Huber and curator Paola Ivanov enlist a clearly crafted hyperrealism as a counterpoint to an “ethnographic realism” with its dilemmas and blind spots (the constructed scholarly authority, the unchallenged epistemological status of its analytical categories and its knowledge systems, rooted in colonial history). Not for a moment does the installation give the impression of trying to simply replicate a genuine East African beauty parlor. Instead, each carefully chosen element in the interior of the installation (the neon lamps, plastic chairs and make-up utensils) contributes towards an atmospheric condensation of the evoked lifeworld while the external shell confidently demonstrates its scenery-like character.

This hyperrealist mode of representation can be perhaps best described by Gernot Böhme’s concept of an “aesthetic of atmospheres.” For Böhme atmosphere is neither the state of a subject nor the characteristic of an object, but rather something that results in the relationship between the two: the mutuality of the given reality of the person perceiving and of what is perceived. Atmosphere cannot thus be traced back to a single object, but must be understood as an environment, that is characterized by the assembly of individual objects. The role of the object is therefore not simply one of a mere bearer of semiotic meaning (as is the case in ethnographic realism) but is constituted by its own aura and material presence. Böhme differentiates here between two highly influential concepts in German philosophy “Realität” (the ‘factual fact,’ the catalogable characteristics of an object) which we appropriate through recognition, and “Wirklichkeit” (the ‘actual fact,’ its appearance as such) which is appropriated by us through our perception.

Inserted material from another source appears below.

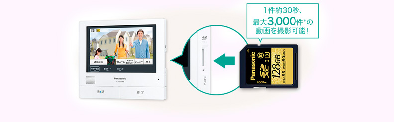 モニター親機は来訪者をSDカードに動画で保存することができます(1件約30秒、最大3,000件*)。
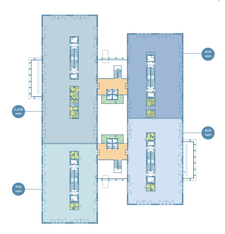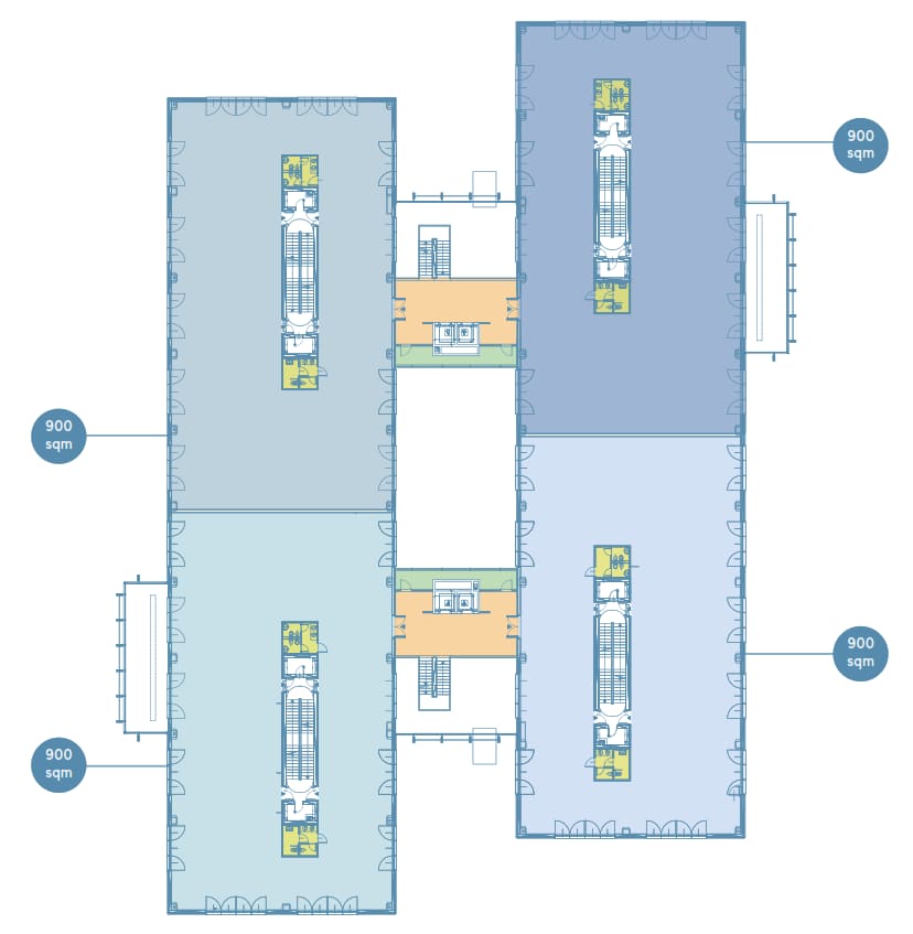 Gli uffici sono caratterizzati da soluzioni tecniche all'avanguardia, con pavimenti flottanti e controsoffitti ispezionabili che garantiscono la massima flessibilità degli spazi. L'altezza minima di 3 metri assicura ambienti luminosi e ariosi. I sistemi di climatizzazione avanzati, l'illuminazione ad alta efficienza e i moderni sistemi di controllo accessi completano l'offerta di un ambiente lavorativo di prima classe.

In this sense, “Enchantment / Beauty Parlour” is not an attempt to replicate a cultural reality, but an orchestration of atmospheres, a staged, modulated space, which gives the visitor an immersive synaesthetic experience of an aesthetically foreign world. For the contemporary ethnological museum the creation of such spaces of perception offer unlimited opportunities in terms of the presentation of their own collection artifacts, which, according to Böhme, are inexhaustible: there are no boundaries to the potential ’Wirklichkeiten,’ of which they could become part.


Dr. Steffen Köhn is a research associate at the research area Visual and Media Anthropology, Institute for Social and Cultural Anthropology at Freie Universität Berlin.